Reproduce the listing below word for word and exclude any picture.

> Supplied information

=== Begin Enclosure ===

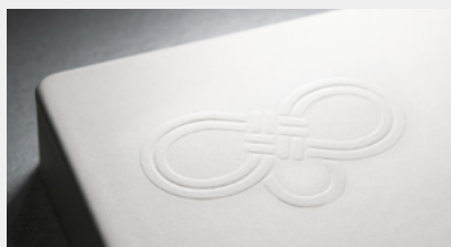
目を引くエンボス
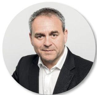
Xavier BERTRAND Président de la Région Hauts-de-France
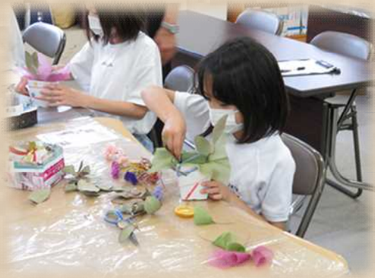
先生の説明を聞きながら作製する様子
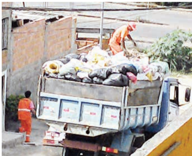
Flagrante - coletor arrisca a vida em cima do lixo em caminhão bascula - impróprio para o serviço

=== End Enclosure ===

> Output for this exercise
目を引くエンボス
Xavier BERTRAND Président de la Région Hauts-de-France
先生の説明を聞きながら作製する様子
Flagrante - coletor arrisca a vida em cima do lixo em caminhão bascula - impróprio para o serviço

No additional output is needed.